Osteoblast-Derived Paracrine and Juxtacrine Signals Protect Disseminated Breast Cancer Cells from Stress

SIMPLE SUMMARY: Bone metastasis is a debilitating, incurable complication that occurs in breast cancer patients with a variable period of latency after treatment of the primary tumor. The seeding of individual cancer cells in the bone marrow from the primary tumor occurs early in disease progression. How disseminated cancer cells are able to remain dormant in the bone marrow and then reactivate decades later to form destructive bone lesions is not fully understood.

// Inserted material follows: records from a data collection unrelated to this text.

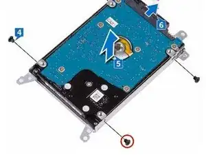 Установите четыре винта (M3x3), которые крепят кронштейн жёсткого диска к узлу жёсткого диска.
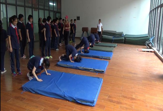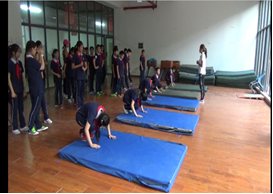 1、体操:在是东中学体操馆进行测试,测试内容主要是根据体育与健身六年级教材内容之前所学内容进行测试,主要包括体操前后滚翻,用时40分钟。
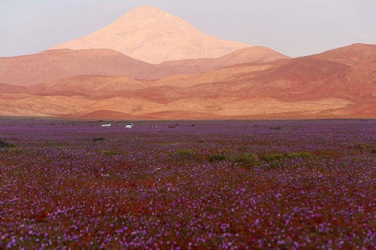 阿塔卡馬沙漠中有超過200多種花,大多數都是此地區特有的物種,不同的花會相繼綻放,并伴隨著昆蟲、鳥類與蜥蜴的繁殖。

We have used model systems to identify bone resident cell types, and molecular mediators, that influence the survival and fate of disseminated breast cancer cells. The identification of such cellular and molecular support mechanisms can inform the design of new therapeutic strategies aimed at eliminating indolent cancer cells from the bone marrow, preventing progression to overt metastases. ABSTRACT: Metastatic breast cancer in bone is incurable and there is an urgent need to develop new therapeutic approaches to improve survival. Key to this is understanding the mechanisms governing cancer cell survival and growth in bone, which involves interplay between malignant and accessory cell types. Here, we performed a cellular and molecular comparison of the bone microenvironment in mouse models representing either metastatic indolence or growth, to identify mechanisms regulating cancer cell survival and fate. In vivo, we show that regardless of their fate, breast cancer cells in bone occupy niches rich in osteoblastic cells. As the number of osteoblasts in bone declines, so does the ability to sustain large numbers of breast cancer cells and support metastatic outgrowth. In vitro, osteoblasts protected breast cancer cells from death induced by cell stress and signaling via gap junctions was found to provide important juxtacrine protective mechanisms between osteoblasts and both MDA-MB-231 (TNBC) and MCF7 (ER(+)) breast cancer cells. Combined with mathematical modelling, these findings indicate that the fate of DTCs is not controlled through the association with specific vessel subtypes. Instead, numbers of osteoblasts dictate availability of protective niches which breast cancer cells can colonize prior to stimulation of metastatic outgrowth.